I've asked this hard question dozens of times.  For professional studio photographers, the number is as high as 15%.  The technical elements are in solid control, the success is determined by the photographer's ability to get what he or she needs out of the image.  That can be facial expression, posture, body position, light vs shadow, all the elements that are artistic not a setting.  When we get to field work, the average is much closer to a 6% keep rate.  That means that you feel that 6 out of 100 are really exemplary.  The rest are not necessarily awful, but they aren't five star images.

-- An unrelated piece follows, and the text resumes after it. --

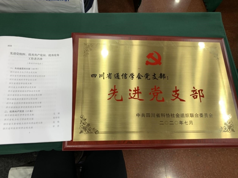 2020年7月6日,四川省科学技术协会召开庆祝中国共产党成立99周年大会,四川省通信学会党支部获得“先进党支部”荣誉称号。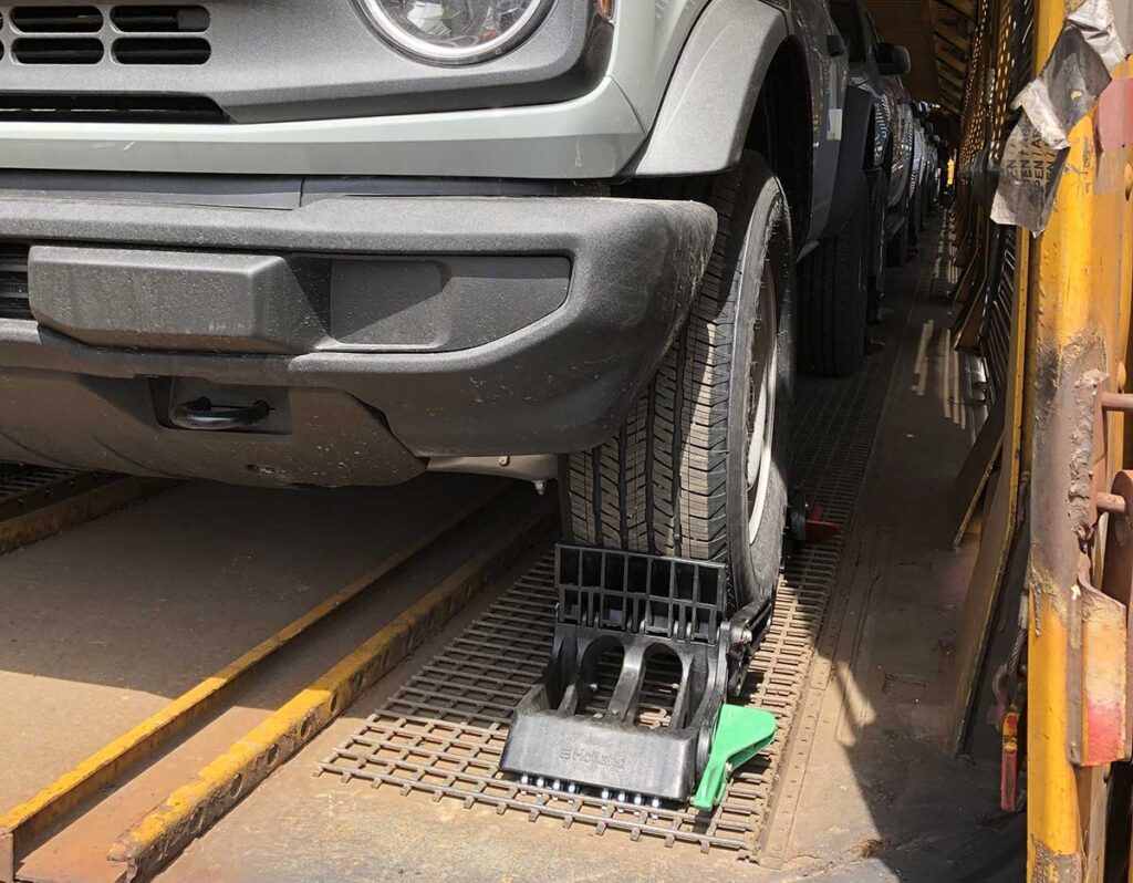 Falando agora do interior destes grandes vagões e de algumas de suas particularidades, vamos iniciar destacando a primeira delas que é a fixação dos automóveis nos assoalhos dos níveis de carregamento. Duas das mais usadas hoje são a aplicação de travas de rodas presas sobre um piso gradeado e outra pela amarração dos pneus em trilhos perfurados soldados nos pisos, ajustados por um tipo de catraca. Ambas as travas são muito eficientes e realmente prendem os automóveis de forma que eles não se soltem de suas posições mesmo em caso de tombamento dos vagões quando de acidentes.

Can you come back from an all day shoot making hundreds of images and in the end have nothing?  Yes.  And sadly if you say, no, I always have a five star you should stop lying to yourself or step back and check your standards.  Proper exposure does not make a five star image.  Exposure is two stars at best and you need to like it.  Focus is at most three stars.  The higher counts are story, emotional commotion and the ability to make yourself and others feel.

Conclusions

Success is self-defined, never defined by another person, group or meme.  If you make your work look exactly like someone else's that can be an interesting training exercise, and is a good thing to do from time to time, but this work is not differentiating you.  It screams "me too" and in such cases, why would anyone go with someone other than the original.

Success is not about technical settings.  It's not about a look.  It's not about social media validation.  It's not about anything other than what you see.  You can certainly take a different approach, it's your life and your work, do what you will.  However, if you want to feel success, look inwards rather than outward.  Remember, all the critics of the day thought Vincent Van Gogh was a complete incompetent.